Dataset excerpts:
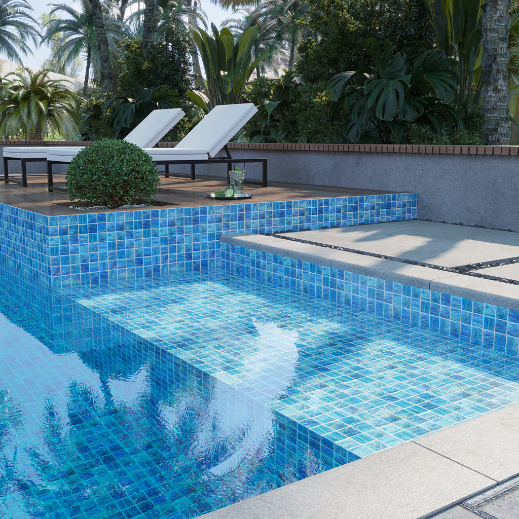 Forget plain white and beige, the future is daring and full of personality! And by that, we mean two-toned pool deck tile ideas with catchy patterns. Bold design and visual intrigue are all the rage this year, so it makes perfect sense that geometric tiles featuring contrasting colors or subtle variations of the same hue are stealing the spotlight. Think blue in its lighter and darker tones, like our Blue 6x6 Matte Square Porcelain Tile. The designs can range from minimalist to complex, offering an artistic edge to pool decks without the need for additional décor.
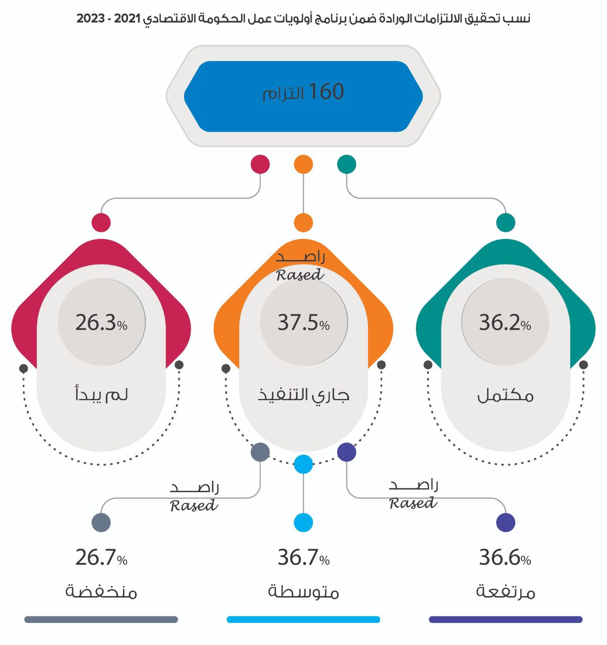 * 160 التزاماً ضمن برنامج الحكومة الاقتصادي اكتمل منها 36.2%، و37.5% جاري تنفيذها، و 26.3% لم يبدأ العمل بها
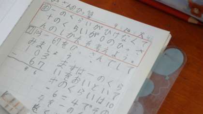 繰り下がりのあるひき算の学習をしています。それぞれに考えたことを発表し合いながら,学習を進めていきました。
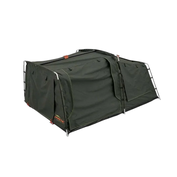 The Dirty Dee swag is free standing, its huge entry doors on both sides ensure that you can enjoy the incredible views. The super-fine mesh windows offer great ventilation, keeping you cool while ensuring you're well protected from the mozzies.
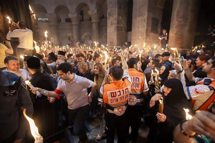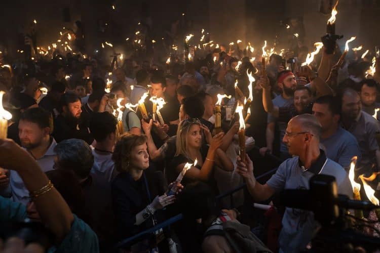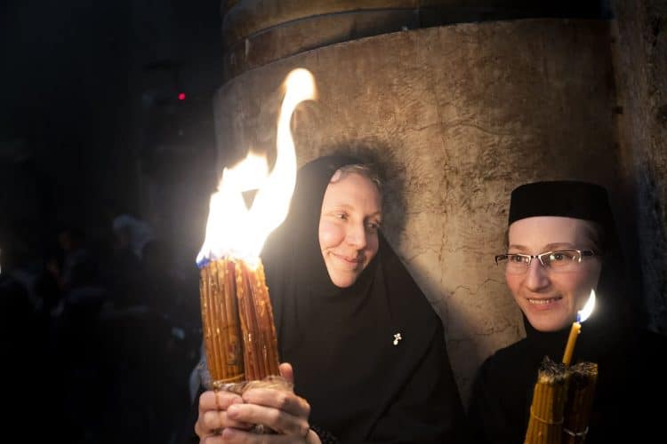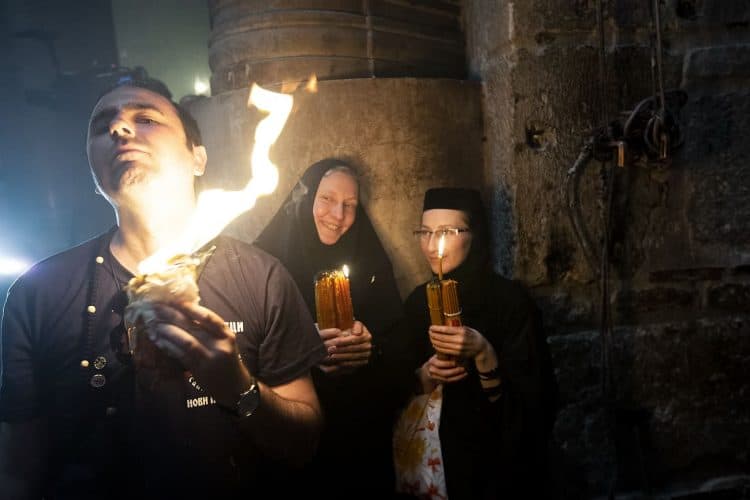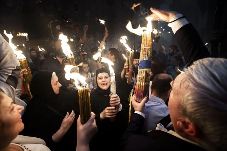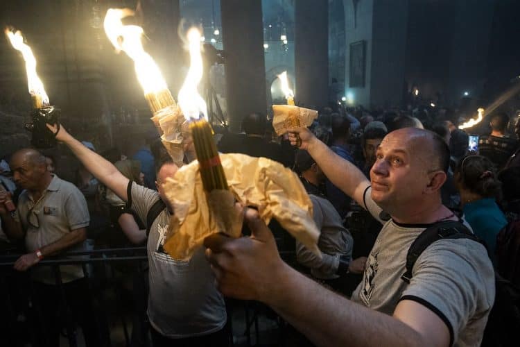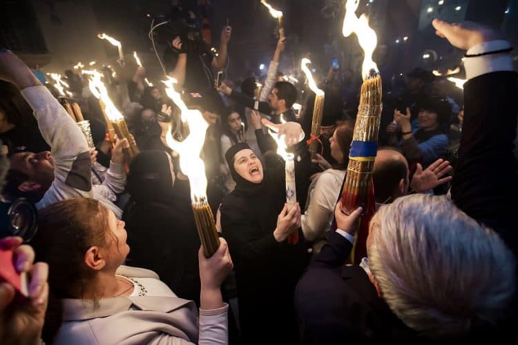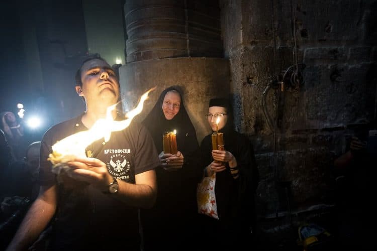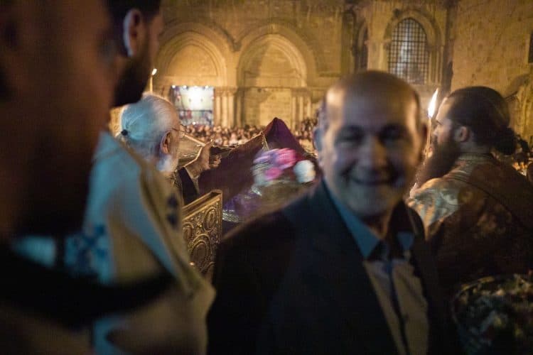 Christian Orthodox after the Holy Fire ceremony in the church of the Holy Sepulcher, traditionally believed to be the burial site of Jesus Christ, Saturday, April 30, 2016 in Jerusalem. Thousands of Christians have gathered in Jerusalem for the ancient fire ceremony that celebrates Jesus' resurrection.
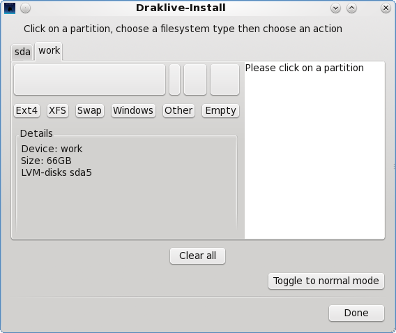 Во время эксперимента с PCLinux OS у меня случилась досадная штука, при подготовке дисков к устновке, я нажал кнопку "Clear all", наивно полагая, что ей я сброшу текущее задание для инсталятора.
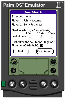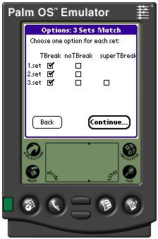 The Options Menu allows you to select the format for a Match, Set and a Game. The default values are:
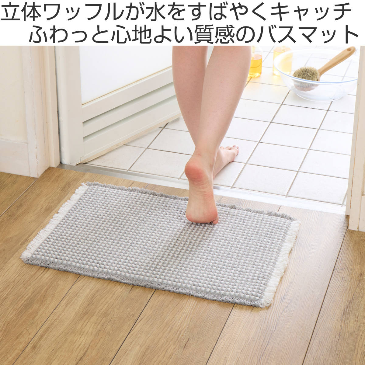 バスマット 40×60cm 厚手タイプ ワッフル織 ( お風呂マット 足拭きマット 抗菌 吸水 滑り止め 厚手 ワッフル 立体 洗える マット 浴室マット 40×60 丸洗い シンプル 無地 バスグッズ ) 【グレー】

## Exercise directions
A faithful copy of all the data above, without its pictures, is the expected result.

## Output for this task
 Forget plain white and beige, the future is daring and full of personality! And by that, we mean two-toned pool deck tile ideas with catchy patterns. Bold design and visual intrigue are all the rage this year, so it makes perfect sense that geometric tiles featuring contrasting colors or subtle variations of the same hue are stealing the spotlight. Think blue in its lighter and darker tones, like our Blue 6x6 Matte Square Porcelain Tile. The designs can range from minimalist to complex, offering an artistic edge to pool decks without the need for additional décor.
 * 160 التزاماً ضمن برنامج الحكومة الاقتصادي اكتمل منها 36.2%، و37.5% جاري تنفيذها، و 26.3% لم يبدأ العمل بها
 繰り下がりのあるひき算の学習をしています。それぞれに考えたことを発表し合いながら,学習を進めていきました。
 The Dirty Dee swag is free standing, its huge entry doors on both sides ensure that you can enjoy the incredible views. The super-fine mesh windows offer great ventilation, keeping you cool while ensuring you're well protected from the mozzies.
 Christian Orthodox after the Holy Fire ceremony in the church of the Holy Sepulcher, traditionally believed to be the burial site of Jesus Christ, Saturday, April 30, 2016 in Jerusalem. Thousands of Christians have gathered in Jerusalem for the ancient fire ceremony that celebrates Jesus' resurrection.
 Во время эксперимента с PCLinux OS у меня случилась досадная штука, при подготовке дисков к устновке, я нажал кнопку "Clear all", наивно полагая, что ей я сброшу текущее задание для инсталятора.
 The Options Menu allows you to select the format for a Match, Set and a Game. The default values are:
 バスマット 40×60cm 厚手タイプ ワッフル織 ( お風呂マット 足拭きマット 抗菌 吸水 滑り止め 厚手 ワッフル 立体 洗える マット 浴室マット 40×60 丸洗い シンプル 無地 バスグッズ ) 【グレー】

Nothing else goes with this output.